ACTIVITY:
Using the records that follow, reproduce exactly the lines starting at the line containing "Рост стоимость квартир" and ending at the line containing "11ÀÏ À¯Ä¡¸é¿¡¼´Â À¯Ä¡¸é¹Îȸ(ȸÀå". Include both end lines and no pictures.

LISTED RECORDS:

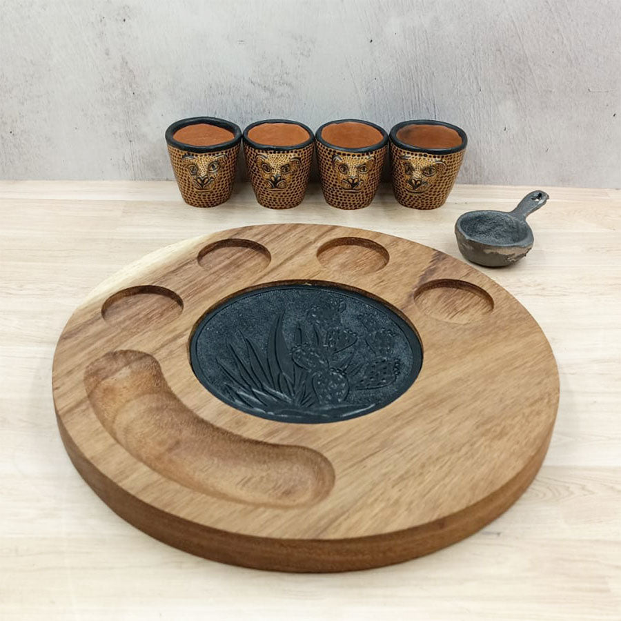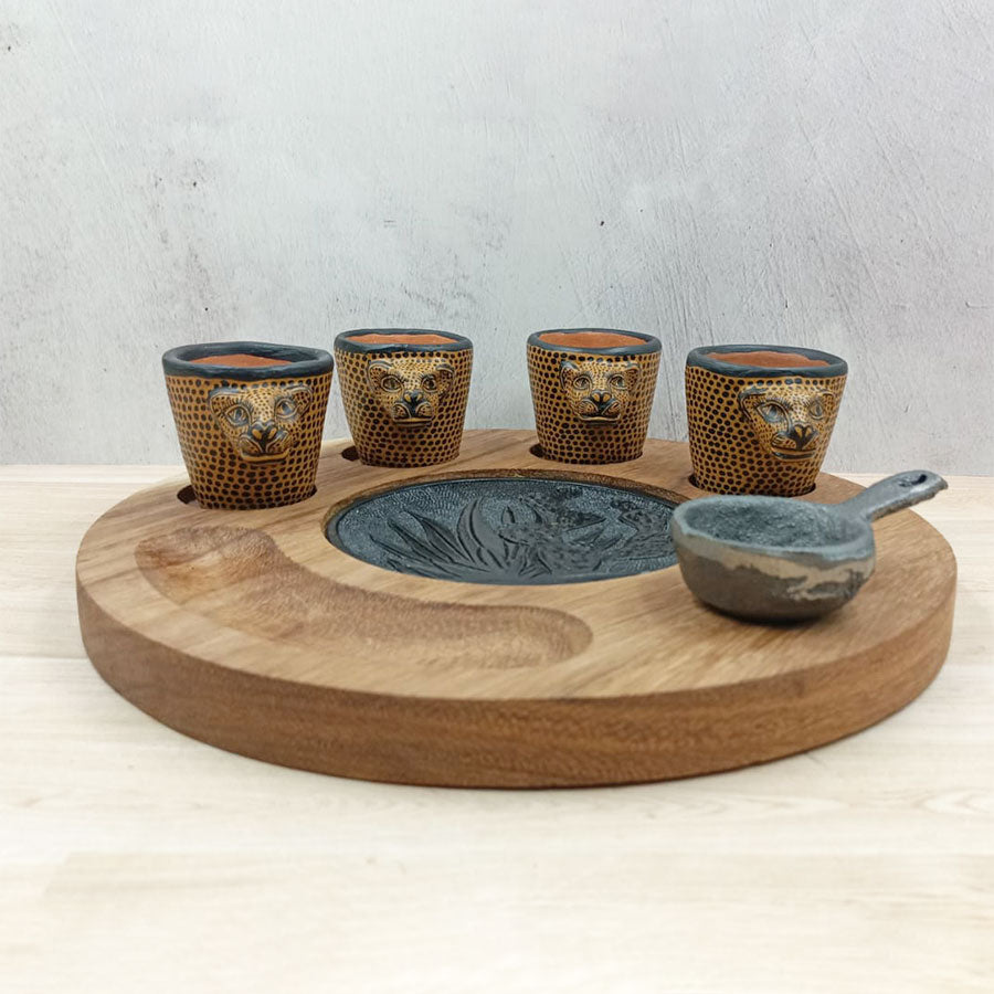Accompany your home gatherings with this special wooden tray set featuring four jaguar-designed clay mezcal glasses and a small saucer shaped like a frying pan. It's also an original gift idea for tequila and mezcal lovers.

--

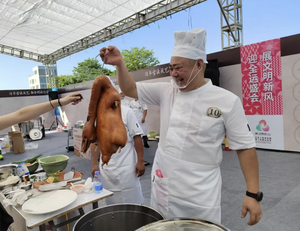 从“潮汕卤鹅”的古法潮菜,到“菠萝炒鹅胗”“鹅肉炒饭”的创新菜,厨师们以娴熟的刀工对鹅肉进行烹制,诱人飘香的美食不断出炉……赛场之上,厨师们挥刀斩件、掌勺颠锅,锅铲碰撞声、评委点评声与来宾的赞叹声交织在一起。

==

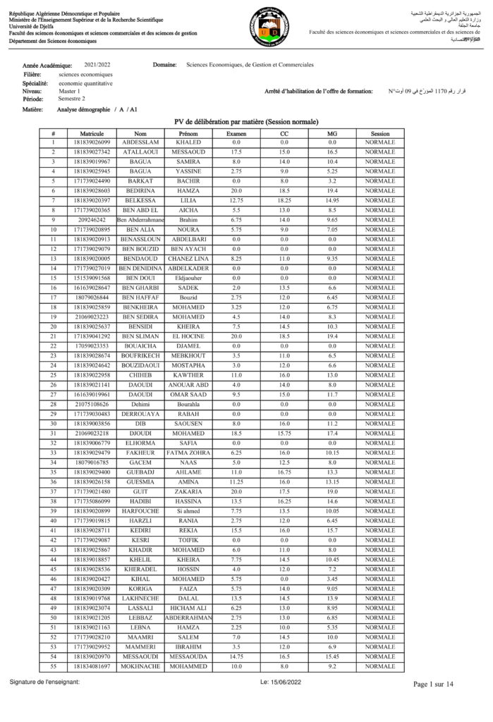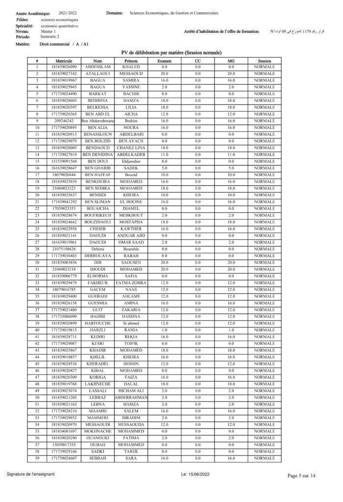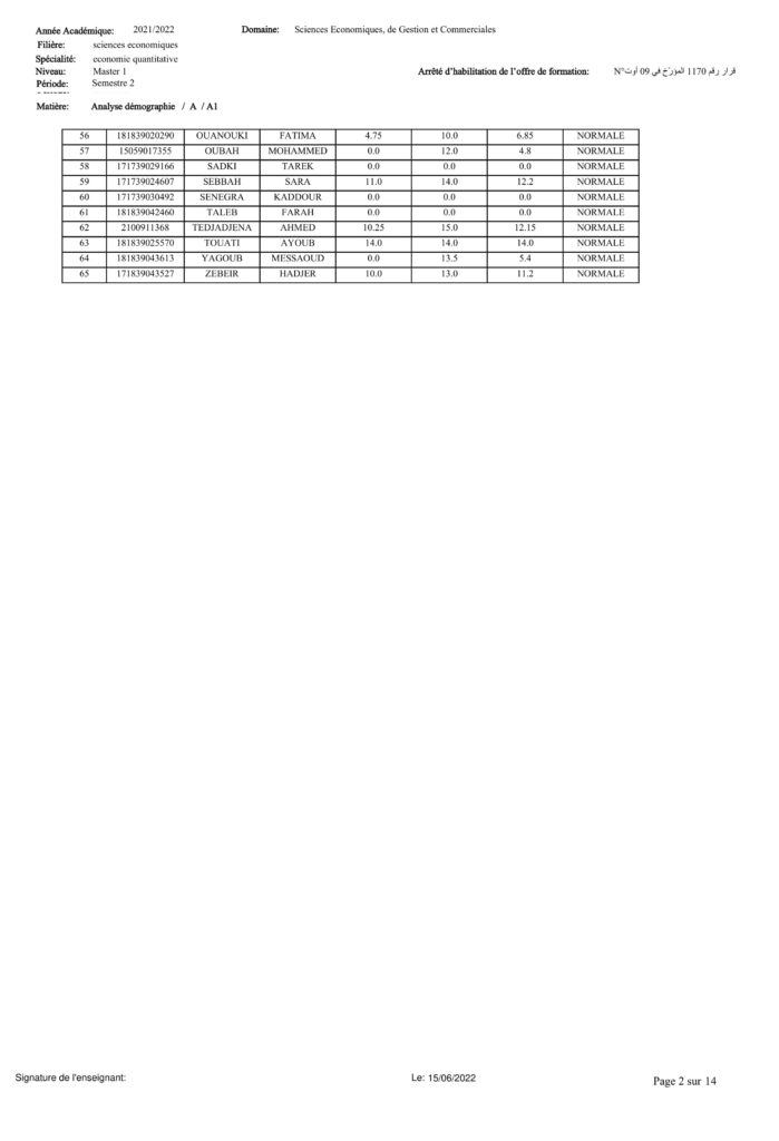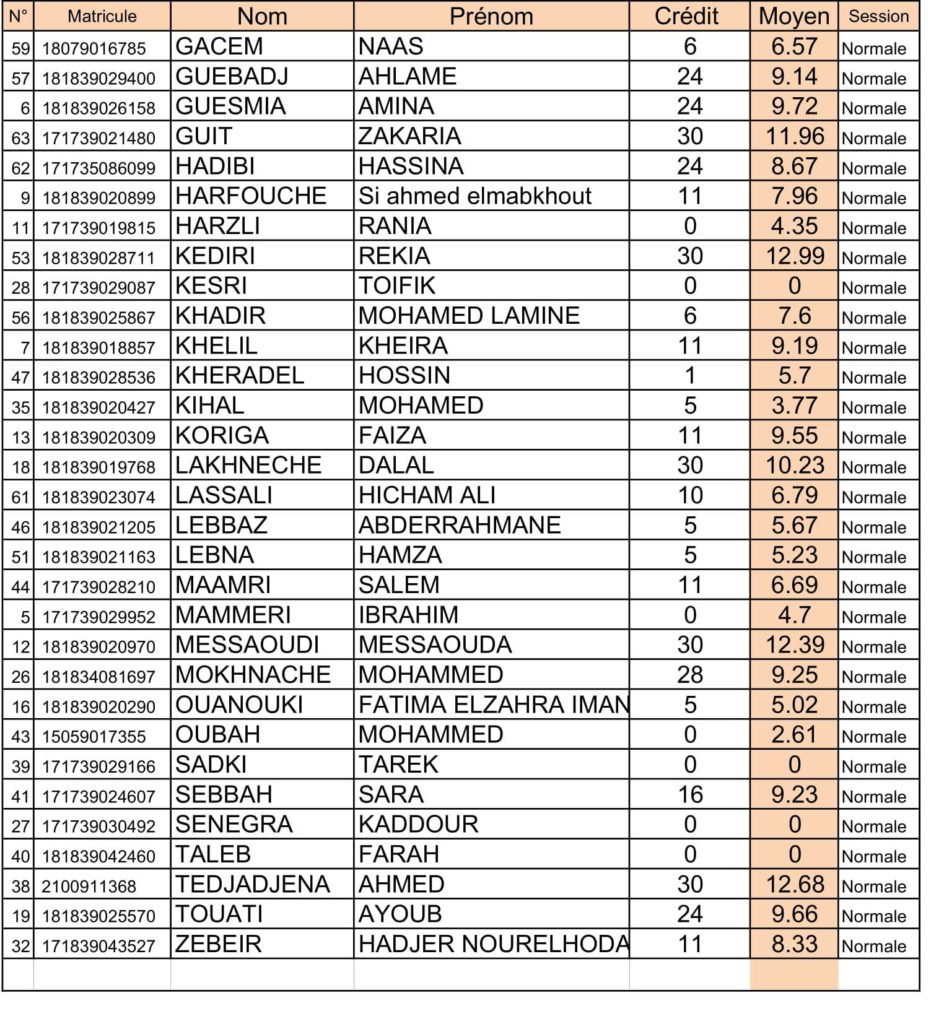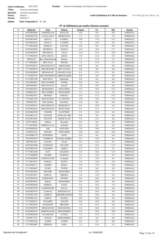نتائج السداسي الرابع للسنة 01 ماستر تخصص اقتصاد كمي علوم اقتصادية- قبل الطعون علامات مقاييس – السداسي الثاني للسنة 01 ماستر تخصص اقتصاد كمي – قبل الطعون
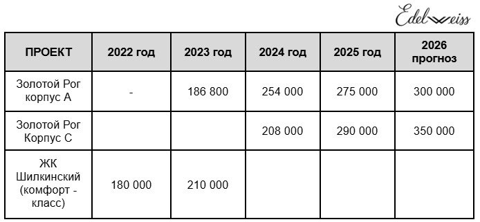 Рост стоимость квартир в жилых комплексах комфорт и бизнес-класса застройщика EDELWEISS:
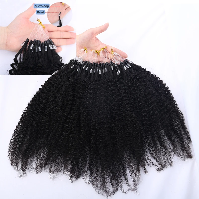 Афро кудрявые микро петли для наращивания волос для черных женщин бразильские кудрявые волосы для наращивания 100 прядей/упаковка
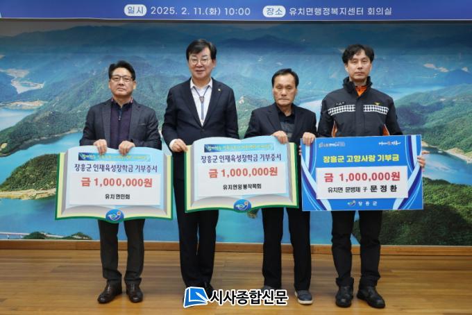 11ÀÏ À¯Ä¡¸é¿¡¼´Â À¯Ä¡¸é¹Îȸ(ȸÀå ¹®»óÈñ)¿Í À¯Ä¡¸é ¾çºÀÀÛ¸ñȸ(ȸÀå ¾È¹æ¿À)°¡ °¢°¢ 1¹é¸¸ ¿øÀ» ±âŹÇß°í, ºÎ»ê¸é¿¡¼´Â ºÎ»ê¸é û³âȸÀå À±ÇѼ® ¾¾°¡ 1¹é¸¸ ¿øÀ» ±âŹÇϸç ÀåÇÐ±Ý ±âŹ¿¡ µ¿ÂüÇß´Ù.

SOLUTION TO THE PROBLEM:
 Рост стоимость квартир в жилых комплексах комфорт и бизнес-класса застройщика EDELWEISS:
 Афро кудрявые микро петли для наращивания волос для черных женщин бразильские кудрявые волосы для наращивания 100 прядей/упаковка
 11ÀÏ À¯Ä¡¸é¿¡¼´Â À¯Ä¡¸é¹Îȸ(ȸÀå ¹®»óÈñ)¿Í À¯Ä¡¸é ¾çºÀÀÛ¸ñȸ(ȸÀå ¾È¹æ¿À)°¡ °¢°¢ 1¹é¸¸ ¿øÀ» ±âŹÇß°í, ºÎ»ê¸é¿¡¼´Â ºÎ»ê¸é û³âȸÀå À±ÇѼ® ¾¾°¡ 1¹é¸¸ ¿øÀ» ±âŹÇϸç ÀåÇÐ±Ý ±âŹ¿¡ µ¿ÂüÇß´Ù.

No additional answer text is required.